We will use files in `ldbc_sample` through this tutorial. You can get the files in [here](https://github.com/GraphScope/gstest/tree/master/ldbc_sample). Here in this tutorial, we have already download it to local in the previous step.

And you can inspect the graph schema by using ``print(graph.schema)``.


### Build Vertex

We can add a kind of vertices to graph, it has the following parameters:

#### vertices

A loader for data source, which can be a file location, or a numpy, etc.

A simple example:

In [None]:
graph = graphscope.g()
graph = graph.add_vertices(Loader('~/.graphscope/datasets/ldbc_sample/person_0_0.csv', delimiter='|'))

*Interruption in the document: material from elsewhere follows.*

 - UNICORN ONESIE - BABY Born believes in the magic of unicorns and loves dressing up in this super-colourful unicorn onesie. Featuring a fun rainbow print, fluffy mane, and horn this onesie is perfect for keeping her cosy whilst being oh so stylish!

It will read data from the the location `~/.graphscope/datasets/ldbc_sample/person_0_0.csv`, and create a vertex label default to ``_``, use the first column as ID, and other columns are used as properties, both the names and data types of properties will be deduced.

#### label

The label name of the vertex, default to ``_``.

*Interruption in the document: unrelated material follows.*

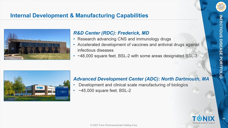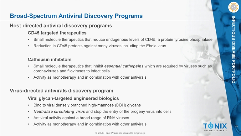 44 © 2023 Tonix Pharmaceuticals Holding Corp. INFECTIOUS DISEASE PORTFOLIO Internal Development & Manufacturing Capabilities R&D Center (RDC): Frederick, MD • Research advancing CNS and immunology drugs • Accelerated development of vaccines and antiviral drugs against infectious diseases • ~48,000 square feet, BSL - 2 with some areas designated BSL - 3 Advanced Development Center (ADC): North Dartmouth, MA • Development and clinical scale manufacturing of biologics • ~45,000 square feet, BSL - 2

There can't have two labels with the same name in a Graph, so user need to assign the name when there are two or more vertex labels. It would also have benefits if user could give every label a meaningful name. It could be any valid identifier.

For example:

In [None]:
graph = graphscope.g()
graph = graph.add_vertices(Loader('~/.graphscope/datasets/ldbc_sample/person_0_0.csv', delimiter='|'), label='person')


#### properties

A list of properties, Optional, default to ``None``.

The names should be consistent to the header row of the source data file or column names of pandas DataFrame.  

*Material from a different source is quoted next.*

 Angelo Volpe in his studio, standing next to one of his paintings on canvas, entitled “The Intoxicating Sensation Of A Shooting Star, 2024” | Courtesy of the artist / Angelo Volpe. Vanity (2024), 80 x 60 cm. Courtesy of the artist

If equal to ``None`` all columns except the ``vid_field`` column will be treated as properties. If equal to empty list ``[]``, then no properties will be added. Otherwise, only mentioned columns will be loaded.

For example:

In [None]:
# properties will be firstName,lastName,gender,birthday,creationDate,locationIP,browserUsed
graph = graphscope.g()
graph = graph.add_vertices(Loader('~/.graphscope/datasets/ldbc_sample/person_0_0.csv', delimiter='|'), label='person', properties=None)

# properties will be firstName, lastName
graph = graphscope.g()
graph = graph.add_vertices(Loader('~/.graphscope/datasets/ldbc_sample/person_0_0.csv', delimiter='|'), label='person', properties=['firstName', 'lastName'])

# no properties
graph = graphscope.g()
graph = graph.add_vertices(Loader('~/.graphscope/datasets/ldbc_sample/person_0_0.csv', delimiter='|'), label='person', properties=[])
v

#### vid_field

The column used as vertex ID. The value in this column of the data source will be used for source ID or destination ID when loading edges. Default to 0.

It can be a ``str``, the name of columns, or it can be a ``int``, representing the sequence in the columns.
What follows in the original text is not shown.